EXERCISE DESCRIPTION
Among the entries below, find the line with "中國臺灣網4月20日消息 四" and the line with "PREMIUM BUILD AND". Return exactly those lines and every line between them, but no pictures.

▬▬▬

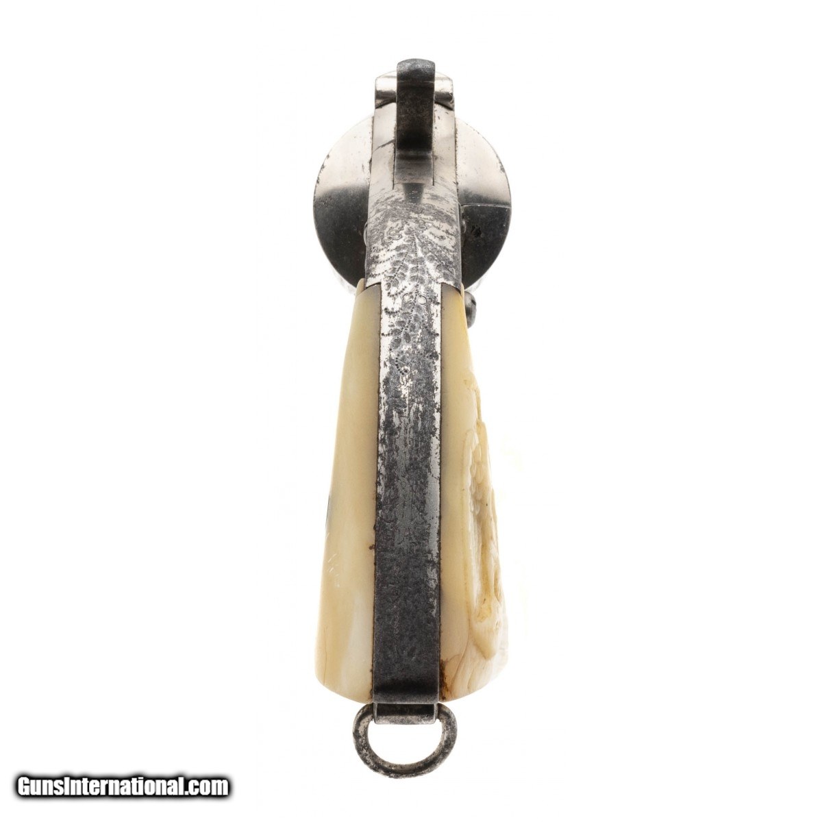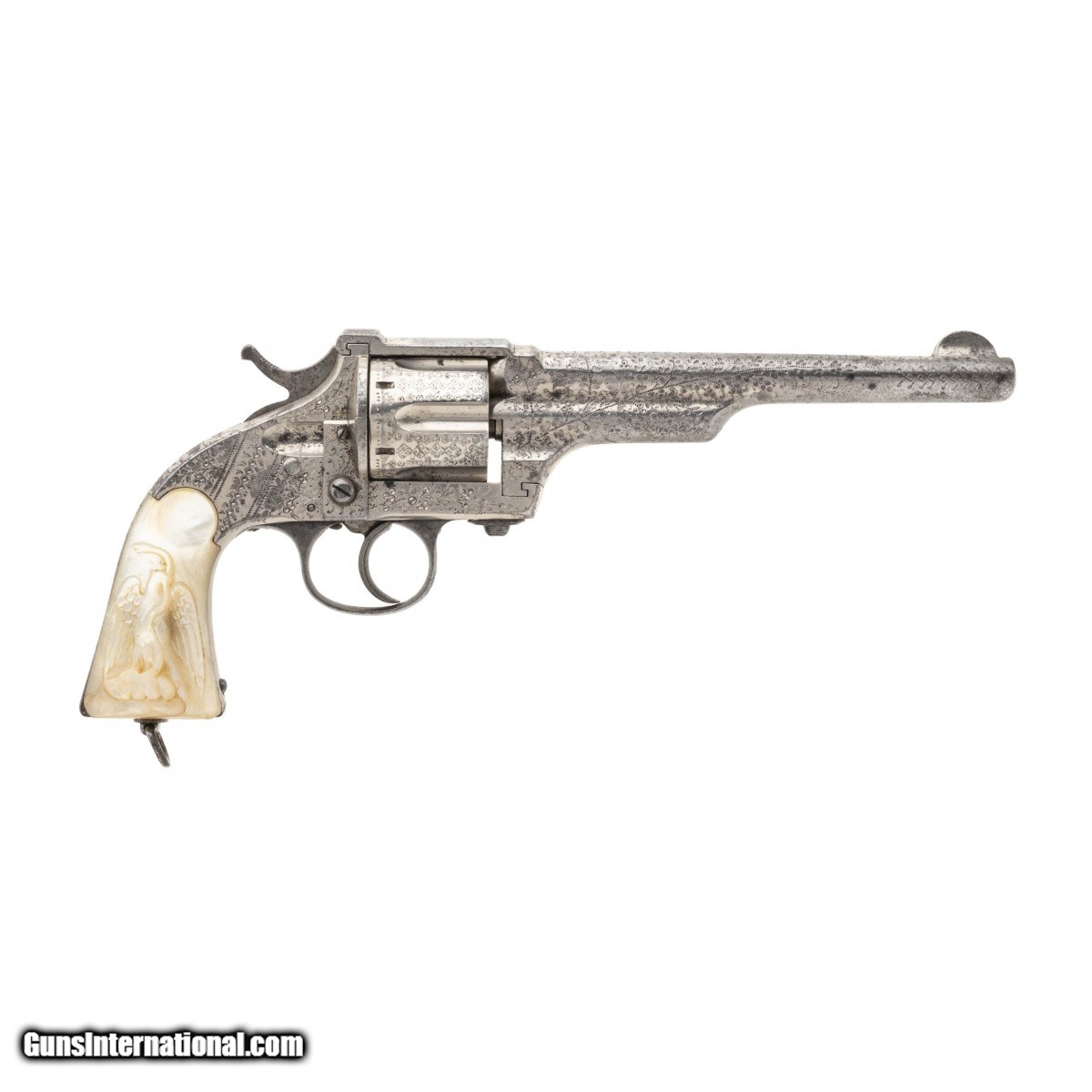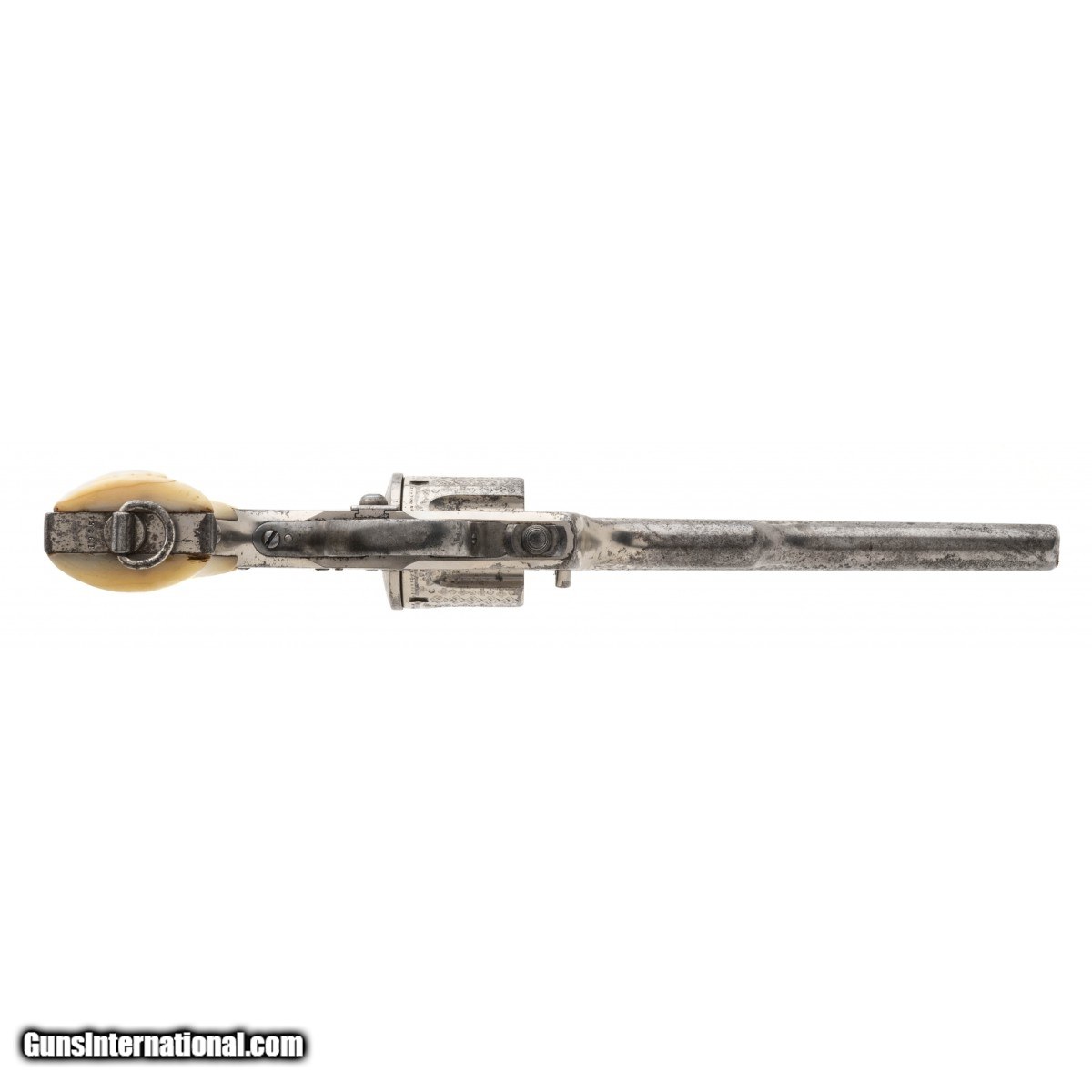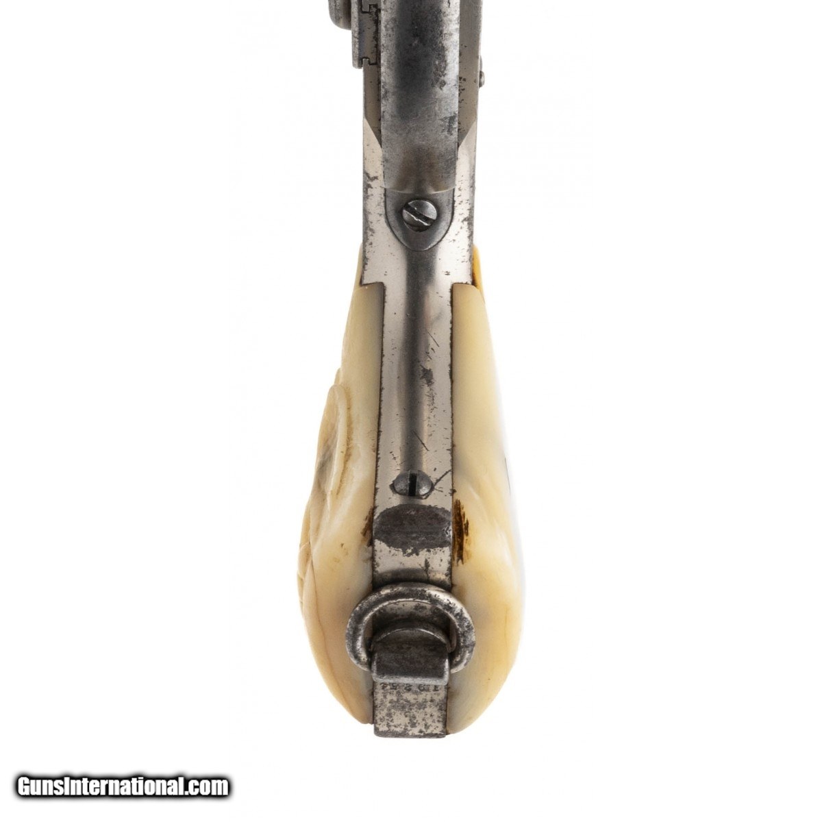 Description: "Serial number 19254. Made circa 1870s. 44-40 caliber with a 7" barrel. This gun is in very fine condition with over 50% of the original finish. The left hand side of the frame has a vignette of a bull. The grips are two piece pearls with a Mexican eagle and snake on the right hand side. The piteado holster is very fine. (Consignment) SOLD Antique: Yes |
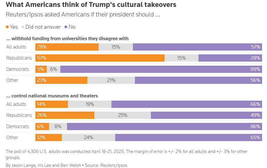 Окрему увагу привернула спроба адміністрації Трампа впливати на культурні й освітні інституції. Зокрема, 66% опитаних вважають, що президент не має права втручатися в управління національними музеями чи театрами.
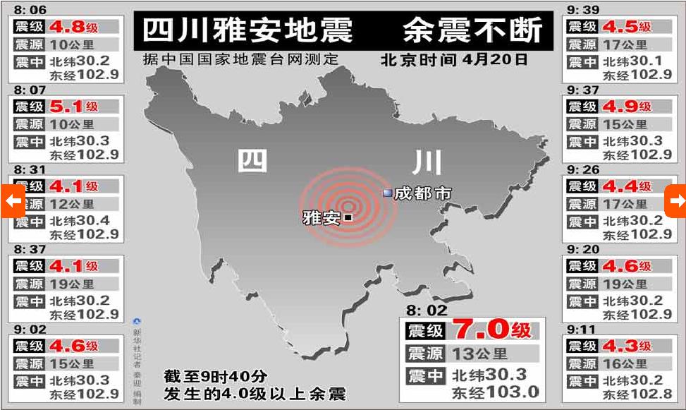 中國臺灣網4月20日消息 四川雅安蘆山縣4月20日8:02發生7.0級地震,震源深度13公里。截止上午9:40,發生多起4.0級以上余震。(據中國國家地震臺網)
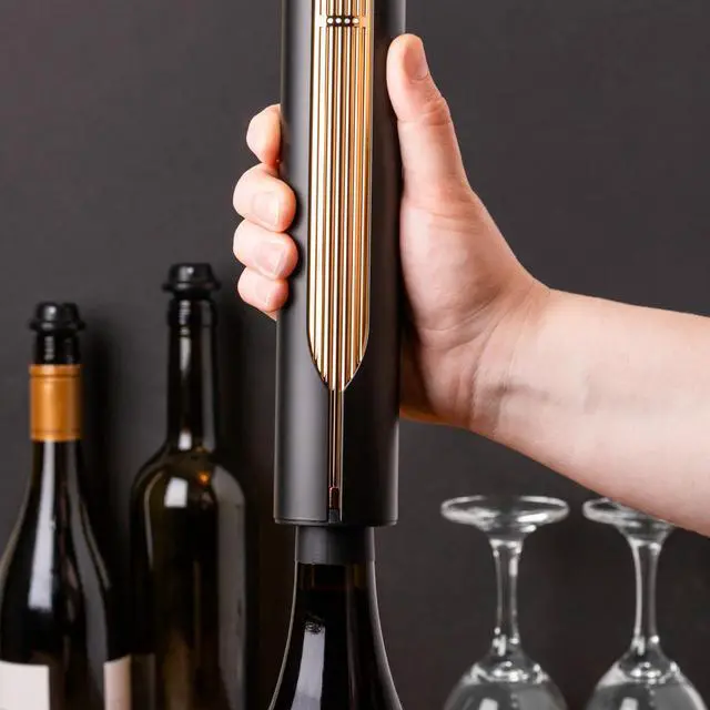 PREMIUM BUILD AND STYLE: Crafted from durable aluminum alloy, this electric wine bottle opener features a luxurious black and gold design that looks great in any kitchen, bar, or wine station. The ergonomic grip offers comfort and control, while the seamlessly integrated foil cutter ensures clean wine bottle prep every time. A stylish and functional wine gadget, its perfect for modern homes, high-end wine gift sets, or personal use by wine connoisseurs.
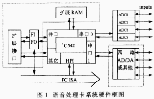??? 本系統(tǒng)具有面向應用的配置和靈活的擴展接口。由配置的不同,系統(tǒng)可支持4~8路話音處理。系統(tǒng)采用ISA總線與PC機接口。為了加強業(yè)務擴展能力,卡上保留一個外部接口,可用于功能擴展。在無擴展部分時支持4路話音處理。
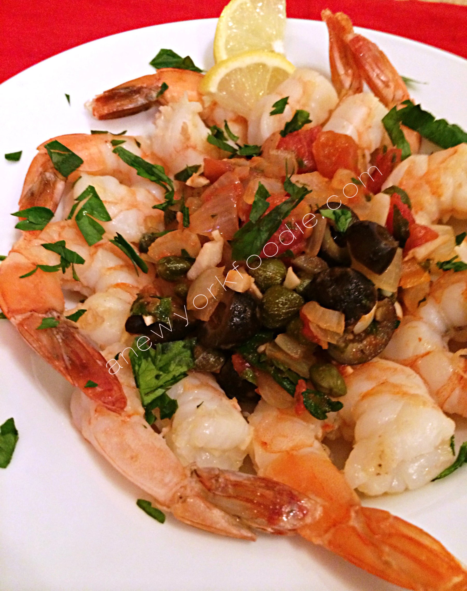 My Shrimp Livornese is a spinoff of a Red Snapper Livornese recipe that I make. The original recipe has a history that goes along with it, This dish comes from an area of Italy called Livorno which is in the Tuscany region; in English it’s called Leghorn. Livorno, at that time, was ruled by Fernando I de Medici, Grand Duke of the powerful Medici family. This recipe has roots in Livorno’s Jewish population of that time period when the Grand Duke attracted many Jewish immigrants to that area af
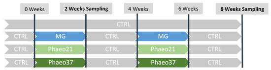 Fish were reared in a seawater recirculation system with aeration (mean dissolved oxygen above 6 mg L−1) and water flow at 3 L min−1 (mean temperature 24.1 ± 0.6 °C; mean salinity 18.7 ± 0.1‰). Water quality parameters were monitored daily (mean dissolved oxygen 6.4 ± 1.0 mg L−1; mean unionized ammonia levels 0.001 ± 0.002 mg L−1). Diets were randomly assigned to quadruplicate groups of 95 gilthead seabream juveniles (initial body weight: 4.1 ± 0.1 g) that were fed to satiation three times a day for 8 weeks in a pulse-feeding regimen. Accordingly, in fish fed the different experimental diets, the CTRL diet was intercalated every 2 weeks, as shown in Figure 6.
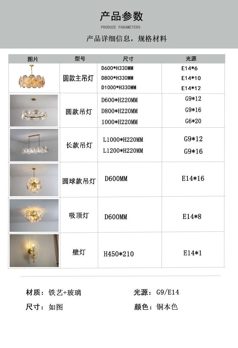 Round chandelier D600, Round D800, Round D1000, Long L1000 * H220, Long L1200 * H220, Spherical chandelier D60...
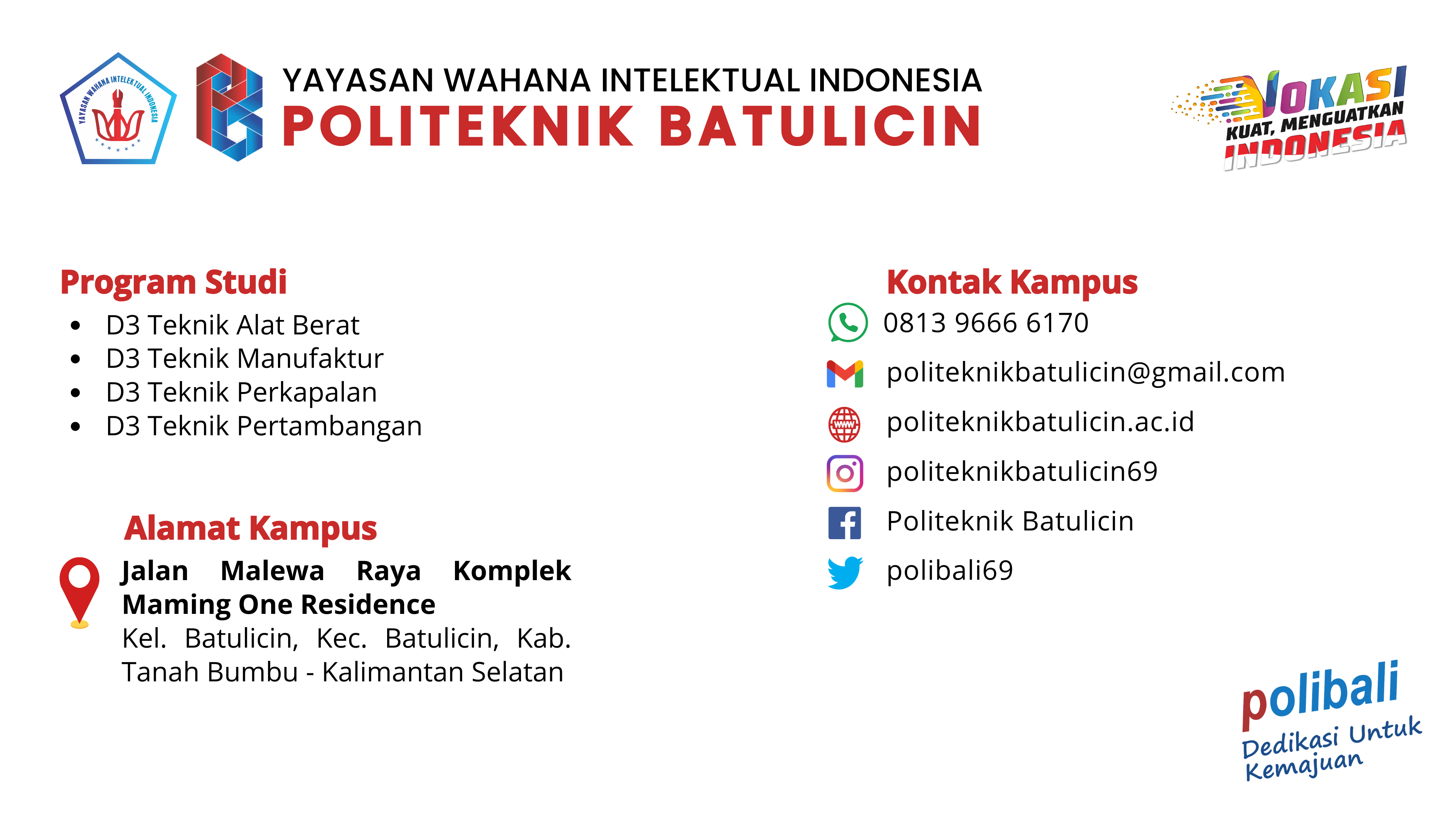 Politeknik Batulicin (Polibali) adalah perguruan tinggi vokasi swasta yang berlokasi di Kecamatan Batulicin, Kabupaten Tanah Bumbu, Kalimantan Selatan. Didirikan pada 21 Juli 2012 dan memperoleh izin operasional pada 27 November 2014. Polibali bertujuan menghasilkan lulusan terampil yang mendukung industri kreatif nasional melalui pendidikan vokasi, penelitian terapan, dan pengabdian kepada masyarakat. Kampus Polibali saat ini masih dalam tahap pengembangan sarana, seperti workshop dan fasilitas pendukung lainnya. Terdapat empat program studi yang ditawarkan, yaitu Teknik Manufaktur, Teknik Alat Berat, Teknik Pertambangan, dan Teknik Perkapalan.

▬▬▬

SOLVED PROBLEM
 中國臺灣網4月20日消息 四川雅安蘆山縣4月20日8:02發生7.0級地震,震源深度13公里。截止上午9:40,發生多起4.0級以上余震。(據中國國家地震臺網)
 PREMIUM BUILD AND STYLE: Crafted from durable aluminum alloy, this electric wine bottle opener features a luxurious black and gold design that looks great in any kitchen, bar, or wine station. The ergonomic grip offers comfort and control, while the seamlessly integrated foil cutter ensures clean wine bottle prep every time. A stylish and functional wine gadget, its perfect for modern homes, high-end wine gift sets, or personal use by wine connoisseurs.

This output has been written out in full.